The CEB is apparently incapable of generating the funds needed to maintain a robust network. The government is apparently unable to give the CEB the needed funds at the right time. Critical procurements drag on for 14 years, but no one is there to take responsibility. Given the slow progress being made on the SCC even after the award of the contract, getting the job done well and on time does not appear to be included in any CEB executive’s key performance indicators.
The problem is structural. The solution has to be structural too. There is no point in proposing behavioural solutions.
The largest enterprise in all of Sri Lanka (other than the armed forces) should not be going hat in hand to international development agencies for core investments needed to maintain a critical national infrastructure. As a commercial enterprise with massive and assured cash flows, it should be able to raise its own funds.
The structural separation that was decided on by the 1999-2001 Electricity Steering Committee that included all stakeholders should be implemented forthwith. That way, the Transmission Licensee (TransCo) will be able to charge the appropriate rates for the services it provides. It could make the case to the PUCSL that the appropriate rate must include the cost of capital that it needs to raise to build and maintain a robust grid.

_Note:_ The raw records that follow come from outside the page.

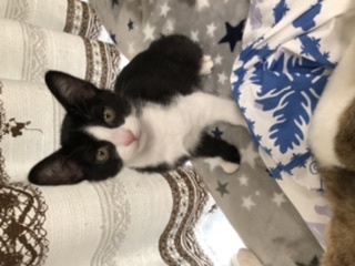 | その他(譲渡条件など) | まだまだ小さく遊び盛りでおもちゃ、動くもの全部に走り回り遊び回ります。甘えん坊で食いしん坊です。 カリカリも食べ、お留守番もできます。トイレ覚え済みです。 生涯可愛がってくれる方よろしくお願いします。 たまに成長の写真くれたらと思います。 白黒ハチワレ1匹です。 |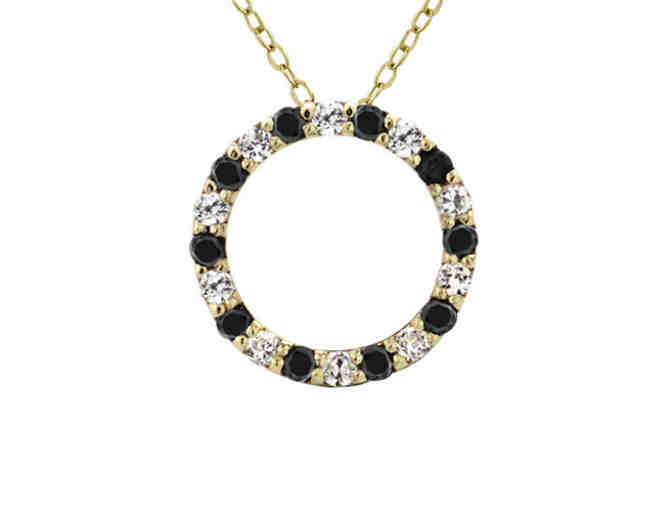 The striking contrast of clear and black cubic zirconia stones, fashioned all around the ring pendant of this necklace, makes for a standout accessory. Fashioned onto an 18k gold plated-sterling silver chain, the crystallized ring dangles freely at center.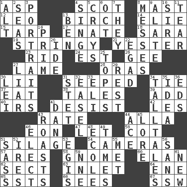 ACROSS 1. Viper 4. Native of Scotland 8. Vertical spar for supporting sails 12. Lion 13. A tree used for making furniture 14. Writer Wiesel 15. Canvas cover 17. Maternal 18. "Two Mules for Sister ____" 19. Slender, wiry 21. Of or pertaining to yesterday 23. To free from 24. Eastern Standard Time (abbr.) 26. Unit of force equal to gravity 27. Unable to walk 28. Mouths or openings 30. Cards in a Roman deck? 31. Oozed 34. Standoff 37. Ingest 38. Falsehoods 39. Find the sum of 40. Big collection agency 41. Stop 42. French article 43. Assign a rank or rating to 44. Silent film actress Nazimova 46. A really long time 47. Allow 50. Small bed 51. Fodder prepared in a silo 54. Devices for capturing images 57. Ancient Greek god of war 58. Dwarf 60. Enthusiasm 62. Religious group 63. An arm off of a larger body of water 64. Compass dir. 65. Fast planes 66. Perceives with the eye 67. Compass dir. DOWN 1. Keyboard modifier key 2. Oceans 3. Likenesses of persons 4. Burn superficially 5. Trading vessels 6. Sep. follower 7. Those people 8. Makes clutter 9. Having winglike extensions 10. Male parent of an animal 11. Rend 13. Benjamin's nick name 16. Demure 20. Binary compound 22. Mild oath 25. Drinks excessively 27. One who doesn't tell the truth 29. Relief 30. Luau accessory 31. Proofreading order 32. Artist's stand 33. Biblical high priest 34. Baron Munchausen's specialties 35. The content of cognition 36. Begley and Asner 41. Mild oath, euphamism for damn 43. Cooks with dry heat, as in an oven 44. Adept person 45. Old wives' tales, e.g. 46. Opt 48. Learning spot: Fr. 49. Domesticates 51. Backtalk 52. Angers 53. The front part of a cuirass 55. Was introduced to 56. Without 59. Compass dir. 61. ___ Haven, CT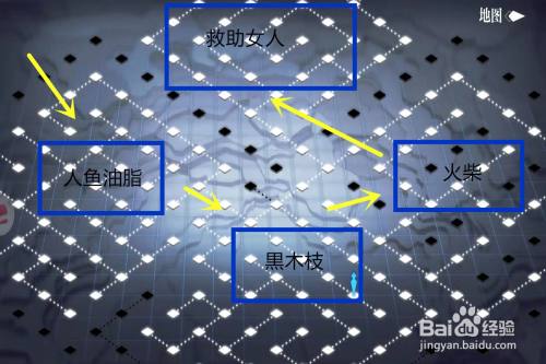 进入地图二,玩家在第一个位置打人鱼王拿人鱼油脂和肉,去第二个位置打岩石壳怪拿黒木枝,去第三个位置打裂口熊拿火柴,去第四个位置救助女人追踪选择埋没奖励拿钥匙,拿完钥匙在第四个位置打boss即可通关。
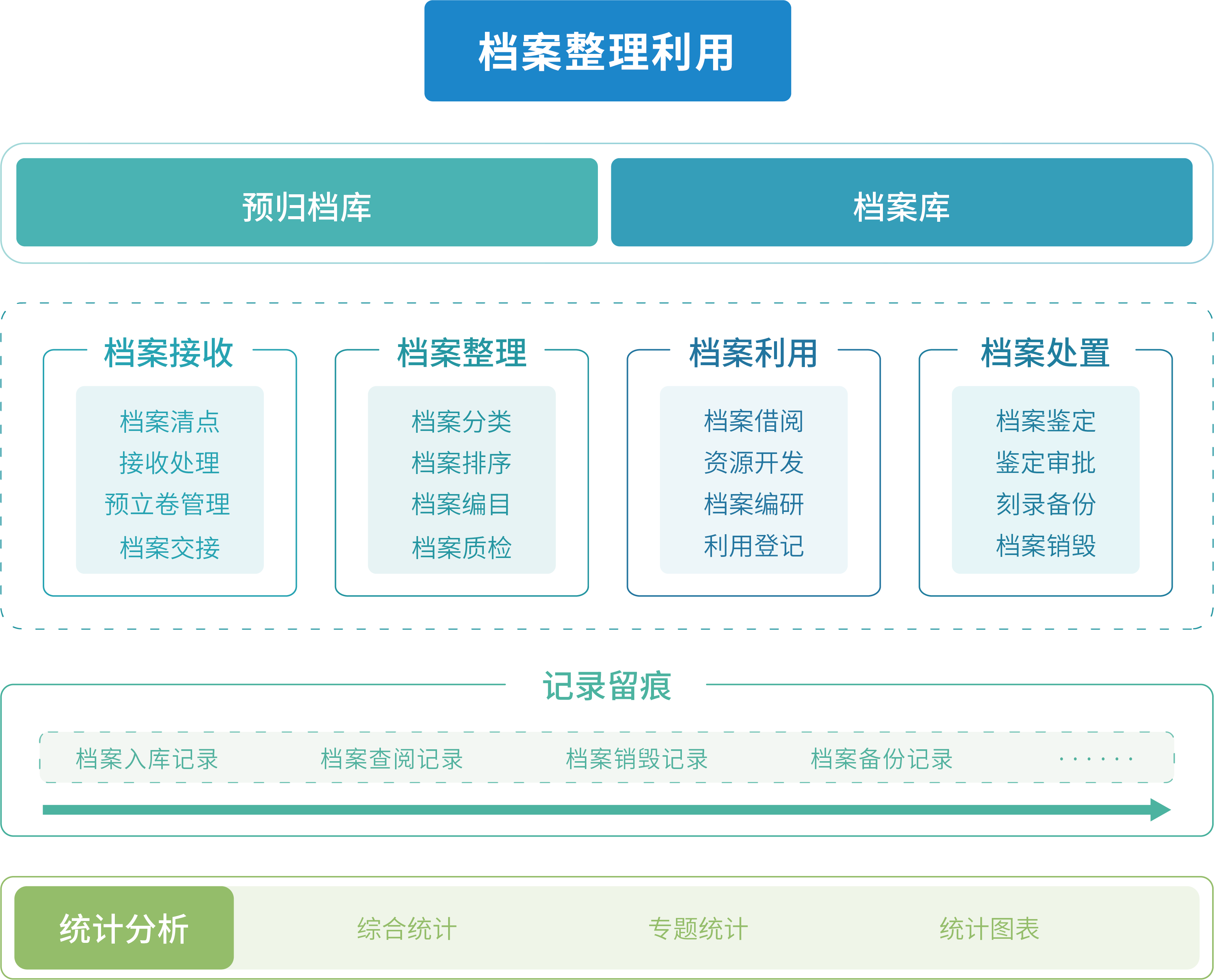综合档案管理系统涵盖档案收、管、用的整个业务流程,能够实现电子档案在线归档和服务利用,包括档案采集、整理、归档、保管、鉴定、发布、检索利用及编硏等全部业务环节,以电子档案为入口,档案资源库为中心,采用信息化等多种技术手段,基于安全、可靠的原则,实现电子档案长期保存利用。以用户需求为导向,为用户提供便捷利用的服务为目标,实现与其他业务系统共享数据进行集成,实现分布式异构数据的集成管理与资源共享,推进实体档案流程化管理和电子档案在线管理的档案业务管理平台。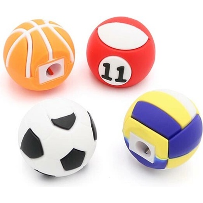 Dětské ořezávátko na tužky nebo pastelky ve tvaru sportovních míčů. pryžové tělo příjemné na dotek průměr otvoru: 8 mm designy míčů: Fotbal, Volejbal, Basketbal a...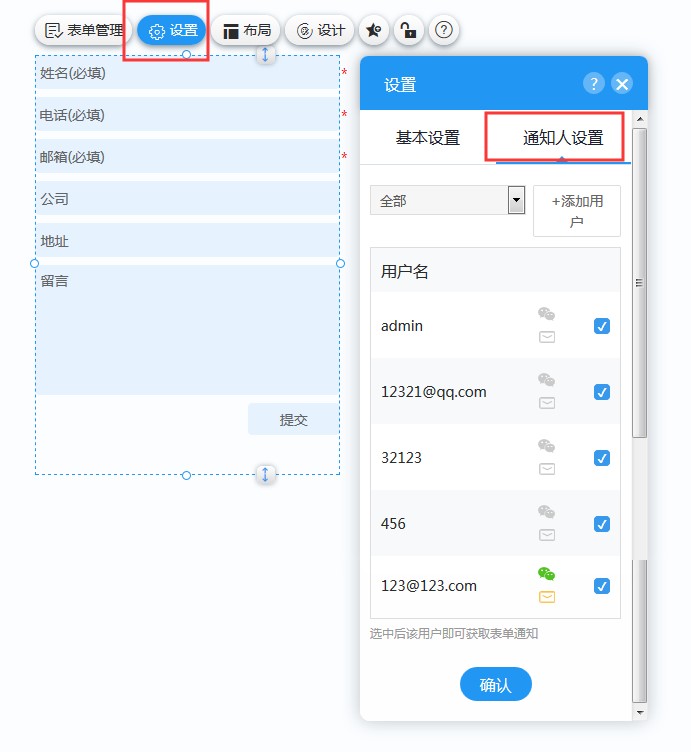 6,在“设置-通知人设置”里,可以选择接收询盘反馈的通知人。询盘推送通知的设置流程请查看:http://help.eyingbao.com/products/biaodanruhebangdingyoujiantuisongheweixintuisong.html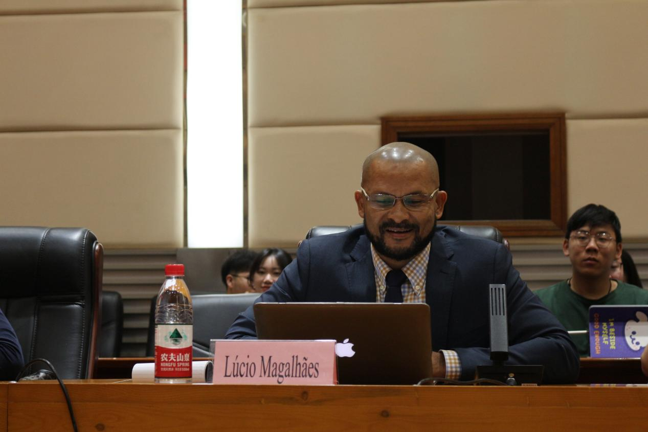 4月17日上午9点,题目为“圣普的刑事立法现状”的伟德victor1946网站国际交流周系列学术讲座在会议中心思齐厅召开,圣普孔子公司外方经理Lúcio Magalhães、中方经理白梦璇,伟德国际victor1946经理邹爱华、副经理江岚和龚哲副教授参加讲座。伟德国际victor1946副经理江岚代表各位老师和同学对Lúcio Magalhães教授的来访交流表示了热烈欢迎。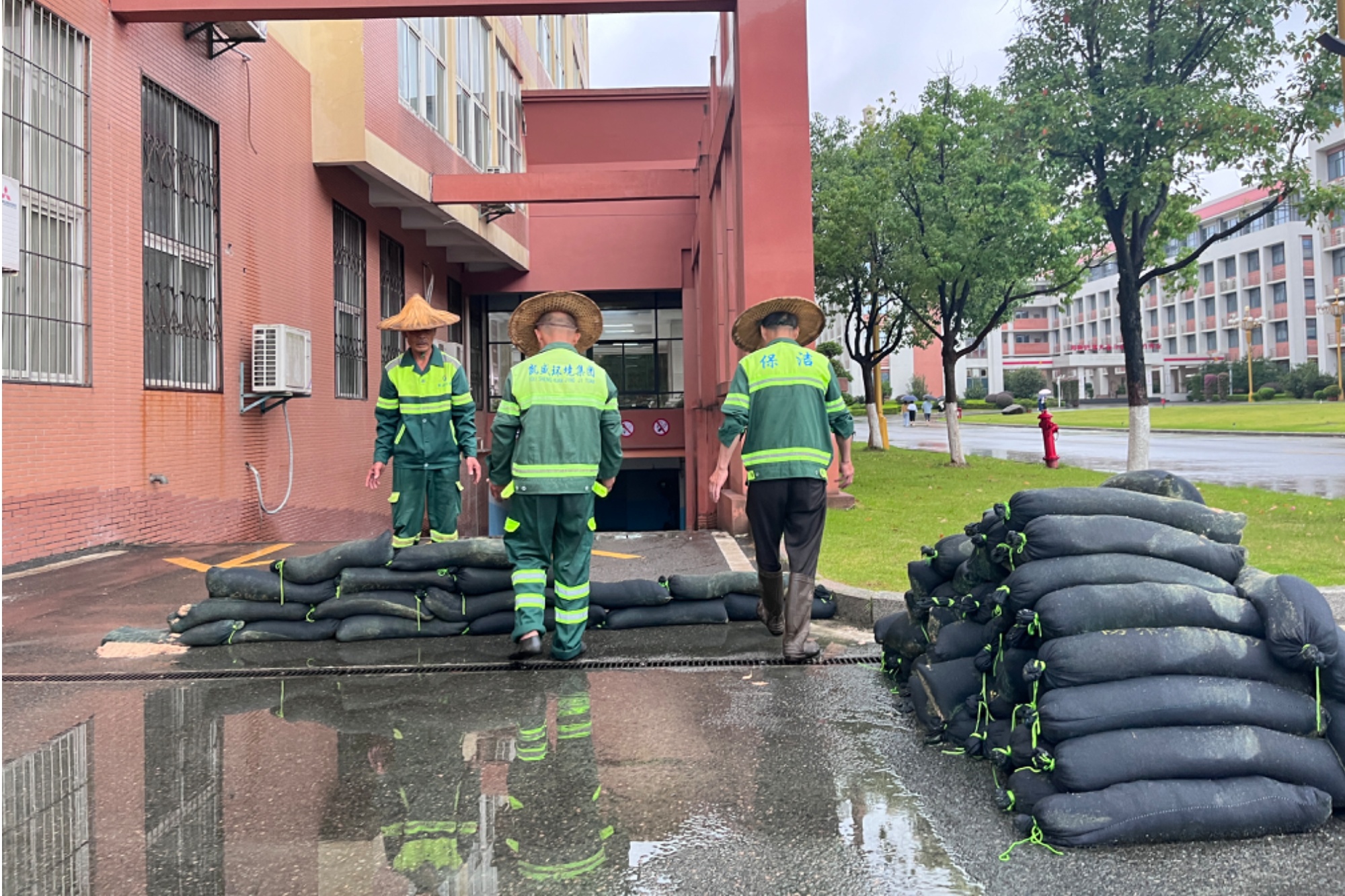 该校安排人员关闭门窗,防止暴雨和狂风破坏设施设备;及时清理排水口和管道,确保排水系统畅通;对重点部位和地势低洼区域进行细致检查,增设雨水井,设置提醒警戒线、防淹板、沙袋等防护措施,防止雨水倒灌。相关人员还准备了各类防涝抢险物资,如沙袋、雨衣、雨鞋、照明手电、救生衣、喊话喇叭等,以应对可能出现的紧急情况。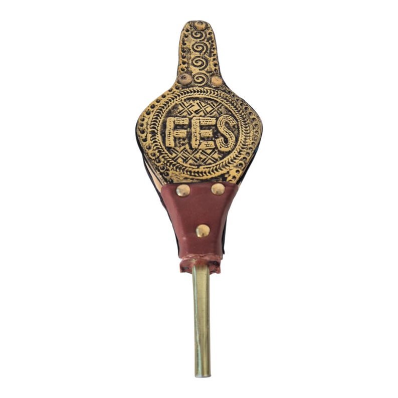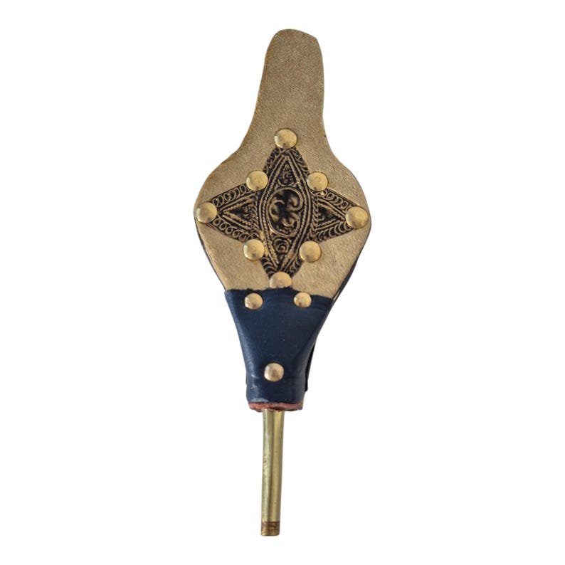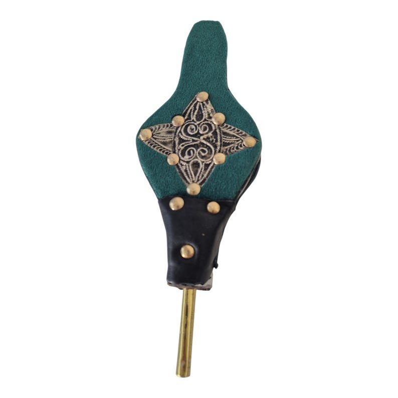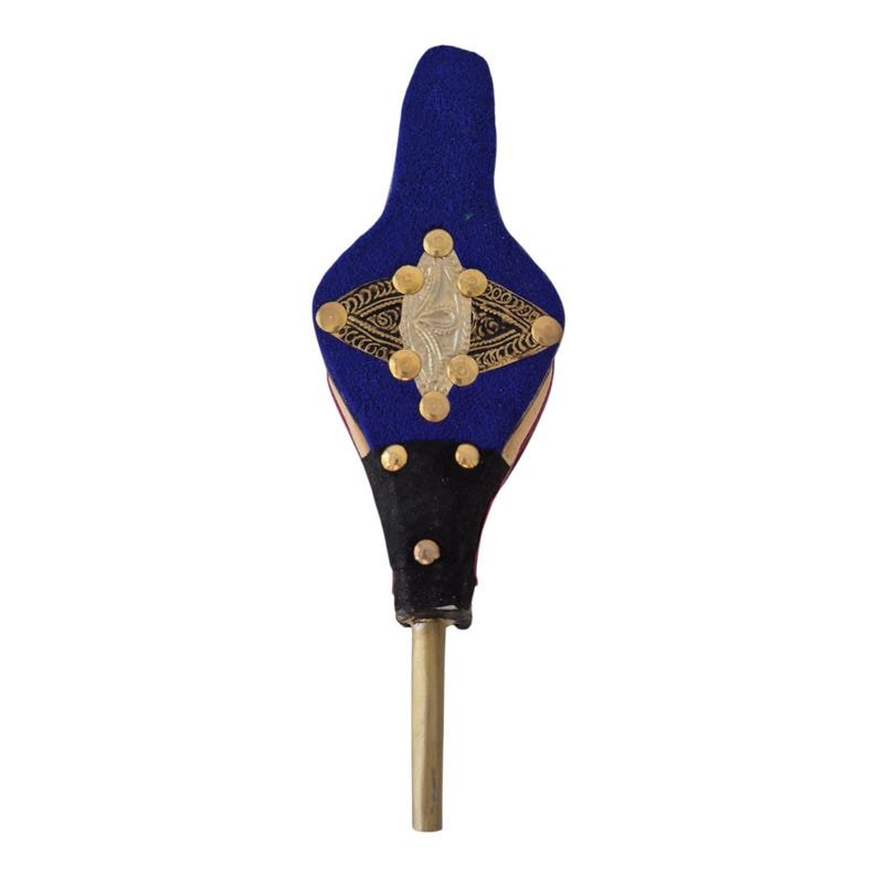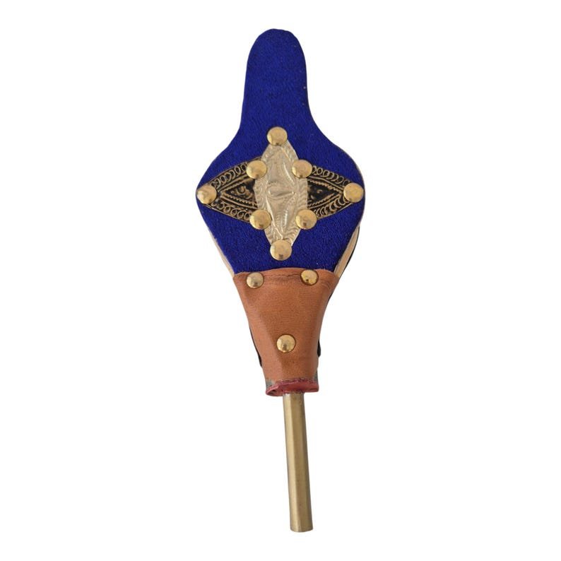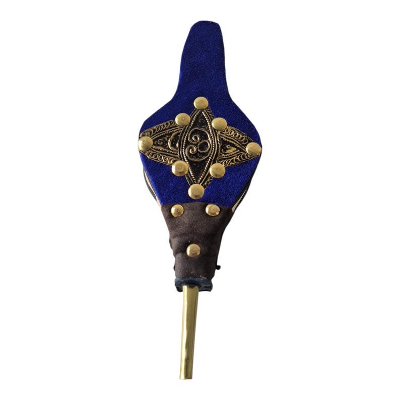 A traditional Moroccan handmade bellows, known locally as a rabouz (or raboz/rabooz in Darija). It’s an authentic Moroccan handicraft, a traditional decorative tool used to blow air into a fire, making it burn faster and hotter.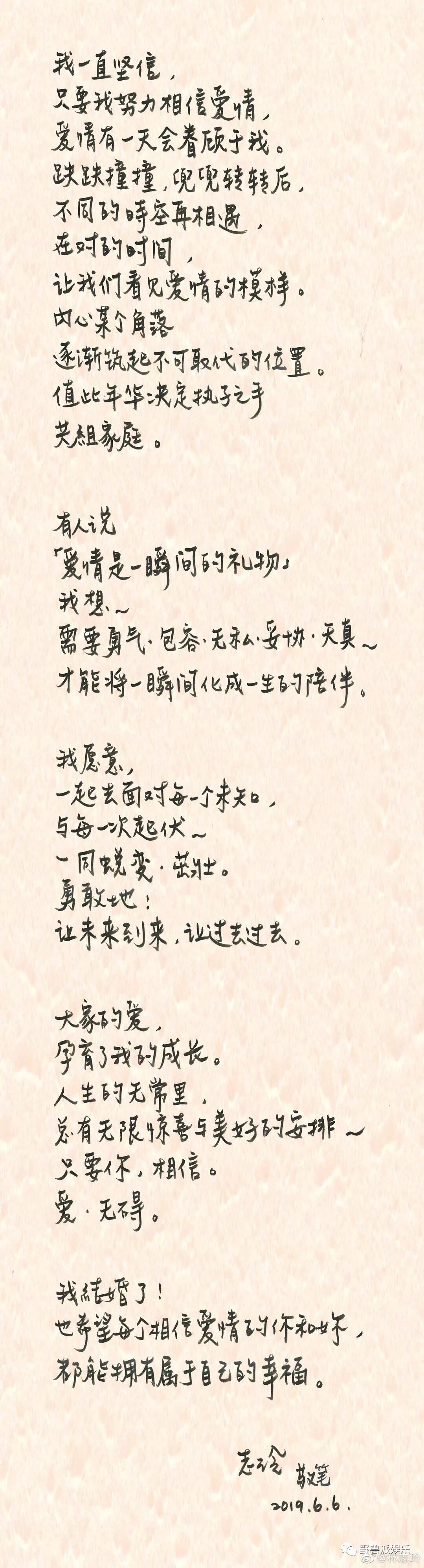 林志玲自己用手写信函形式向网友写出了当新娘的这一刻感受:我一直坚信,只要我努力相信爱情,爱情有一天会眷顾于我!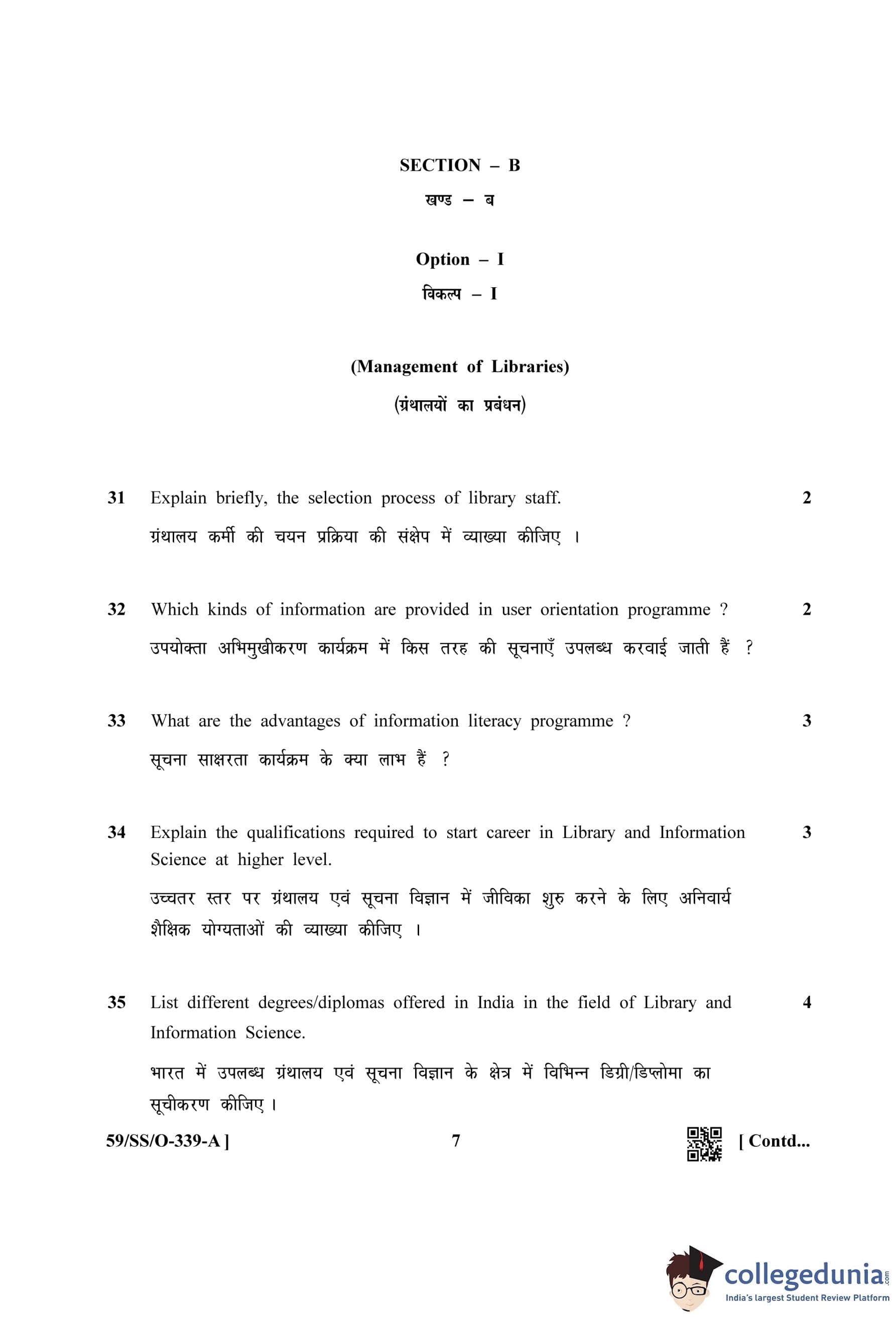 NIOS Class 12 Library and Information Science Compartment Question Paper 2019 with Answer Key pdf is available for download here. The exam was conducted by National Institute of Open Schooling on October 19, 2019 in the Afternoon Session 2:30 PM to 5:30 PM. The question paper comprised a total of 35 questions divided among 2 sections.

If the Government wishes to support this goal, it can provide funds directly from the consolidated fund or channel concessionary loans to the TransCo. But if these good things do not happen, the Transco will have the freedom to go out and raise its own capital, even at a higher cost. And if it is not allowed to do so, it will have a solid answer the next time the PUCSL asks it to show cause why it failed to maintain supply as required under the conditions of its license.
This is not about privatisation. There is no good reason to privatise a critical infrastructure such as the national grid that has enormous market power in the current single-buyer model. It is about creating a focused and accountable organisation that will not take 14 years from problem identification to award of contract. It is only in such an organisation that executives who are committed to good service can flourish.